Seu filho é dez

A sociedade, o mercado de trabalho e cada indivíduo têm essa necessidade, quase instintiva, de classificar, separar e dividir. Estamos sempre atribuindo números e quantificando como forma de avaliar. Os vestibulares e os concursos elegem os mais bem pontuados. E, sorte dos que marcam suas cruzes apropriadamente… Pontos, cargos e oportunidades para os que respondem, adequadamente, ao que lhes é exigido.

Corremos atrás de números, contas bancárias, PIS, Pasep, Megasena, cifrões. Somos um amontoado de números almejando mais e mais. Porém, sempre que classificamos as capacidades dos indivíduos, atribuindo números e valores, incorremos em possibilidade de erro e injustiça. Conduzimos à desesperança e ao estigma quando restringimos o desabrochar de potencialidades.

Mas, inteligência? Admito, nunca fui capaz de distinguir um QI 50 de um 70

A heresia da desconfiança dos números. Meu pecado. Acreditar que existe em cada um de nós uma brecha que, uma vez alcançada, é capaz de se abrir e florescer é a minha quimera. Esta abertura para o conhecimento do mundo, para o desenvolvimento pessoal deve ser, portanto, o escopo de todos os profissionais que trabalham com pessoas que, a princípio, não respondem da mesma forma que a maioria. Buscá-la é um exercício na contramão da mediocridade.
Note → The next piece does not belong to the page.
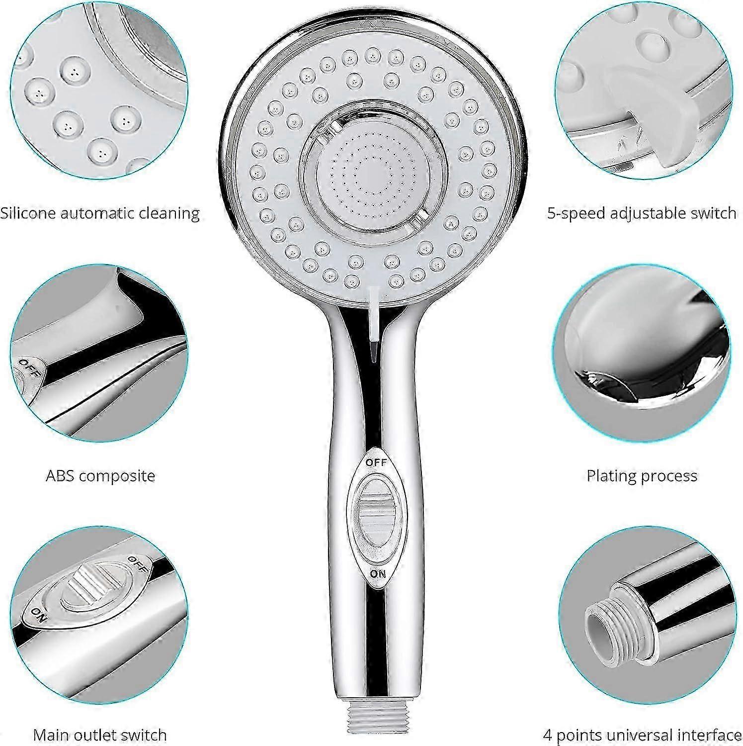 High Pressure Shower Head - 5 Water Saving Modes with Hand Shower Switch Button (Stainless Steel)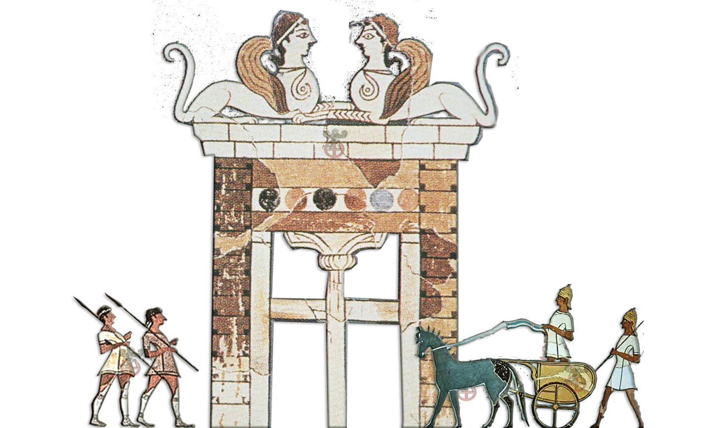 | Η Πύλη των Σφιγγών και Έλληνες στρατιώτες του Νέστορα -ΓΡΑΦ.ΑΡΧΑΙΟΓΝΩΜΩΝ |

No início da minha atividade profissional, ao receber uma turma para ensinar, ganhava também várias pastas com testes, exames e diagnósticos de cada aluno. Era comum na época. De todas aquelas verdades impressas, atordoavam-me os resultados de QI: 20, 30, 50. O que fazer com esses números?

Confesso que depois de um mês de aulas eu esquecia todos aqueles números pois, na prática, pouco acrescentavam. Não me respondiam quem era o Márcio, a Glória ou o Paulinho. Do que eles gostavam, como podiam aprender melhor? Nada. Mesmo espremidos, lidos de ponta-cabeça diversas vezes, os números pouco fundamentavam as minhas estratégias educacionais.

Quantificar a essência alheia parece-me, até hoje, uma obra surrealista.

Número é número: verdade absoluta! Os diagnósticos – bem mais úteis – ainda poderiam delimitar as áreas de maior dificuldade de aprendizagem, ou me indicar certo cuidado acerca de alguma debilidade orgânica como: convulsões, problemas cardíacos e assim por diante. Mas, inteligência? Admito, nunca fui capaz de distinguir um QI 50 de um 70.

Hoje em dia, vários estudiosos como Howard Gardner se dedicam a vasculhar a nossa capacidade mental, considerando o que chamam de Inteligências Múltiplas. Ou seja, a nossa capacidade musical, pictórica, espacial, lingüística, de relacionamento interpessoal, entre outras, passam a ter nessas pesquisas status de inteligência.

Esta nova visão, que ainda tem muito a avançar, é uma carta de alforria para quem é considerado “abaixo da média”. Os talentos são valorizados, mas não quantificados.

Da mesma forma, também não podemos mensurar o efeito de um carinho, de uma atenção, de um elogio, de um incentivo ou de uma oportunidade para o desenvolvimento intelectual de uma criança. E, graças a Deus, ainda não inventaram um termômetro para o amor.

A você, que tem um filho com deficiência mental ou com alguma dificuldade de aprendizagem considerável, desejo um caminho longe dos números que aprisionam. Desejo que seu filho ou filha receba o olhar de quem vê talentos, alma, essência. E que lhes atribuam o valor, sem medida, do amor.